As Aristotle points out in Nichomachean Ethics III, it is the mark of an educated person that they demand no greater precision in argumentation that the subject matter allows. Literary scholars looking for fresh insights into particular works or genres confront different kinds of data and employ different interpretive approaches from biochemists performing experiments to analyze the structure of proteins. Mathematical logicians demand more rigor than archeologists developing plausible conjectures from the spatial distribution of potsherds.
There is nothing, however, in this scholarly common sense that implies that social construction equals sloppy all the way down.

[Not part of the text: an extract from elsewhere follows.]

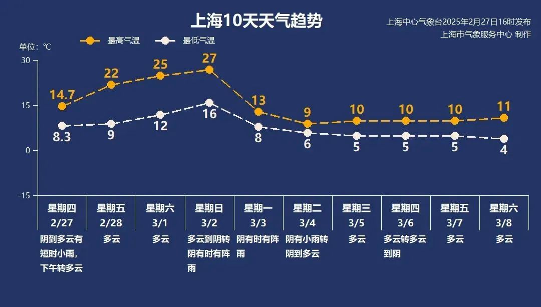 气温一步步上升,周日最高可达27℃左右。随着江淮气旋入大海,当地风速增加,夜间雨水袭来,偏南地区可能伴有雷击,气温迅速下降。下周一,最高气温只有13℃。寒风和冷雨使冬天的严寒翻倍。

Permalink Reply by Philip Carl SALZMAN on August 28, 2009 at 12:33am Dear Professor
Everything everywhere is always defined by political views. Don't you think so?
Philip Carl SALZMAN said:Deniz, so it is not the statement, but the general political view that should define "essentialism"? Anthropology is now to be defined by political views, some correct and others incorrect?
You have not dealt with the other examples I give in that post, or the examples from my own work that I give in the following post.
Permalink Reply by John McCreery on August 28, 2009 at 5:27am Just because you are writing about "material facts" does not mean your production is not socially constructed. And furthermore may I ask who has conceptualized this "magic"? Anyway, you are writing about the implications, meanings of material facts. You are writing this to share with an audience for whom it will make sense when they read it. You use a certain "language" so to speak to convey this information. If all of this is not socially constructed I do not know what is.
Permalink Reply by deniz batum on August 28, 2009 at 11:35pm Certainly not. If this were true, then we can forget about research altogether, as we all have our answers a priori. The view that everything is political and can be nothing else, and the celebration of it, is the most corrupting influence in anthropology. This view destroys any idea of knowledge, and makes anthropology no more than an opportunity for the expression of personal and political impulses, and thus worthless.
deniz batum said:Dear Professor
Everything everywhere is always defined by political views. Don't you think so?
Philip Carl SALZMAN said:Deniz, so it is not the statement, but the general political view that should define "essentialism"? Anthropology is now to be defined by political views, some correct and others incorrect?
You have not dealt with the other examples I give in that post, or the examples from my own work that I give in the following post.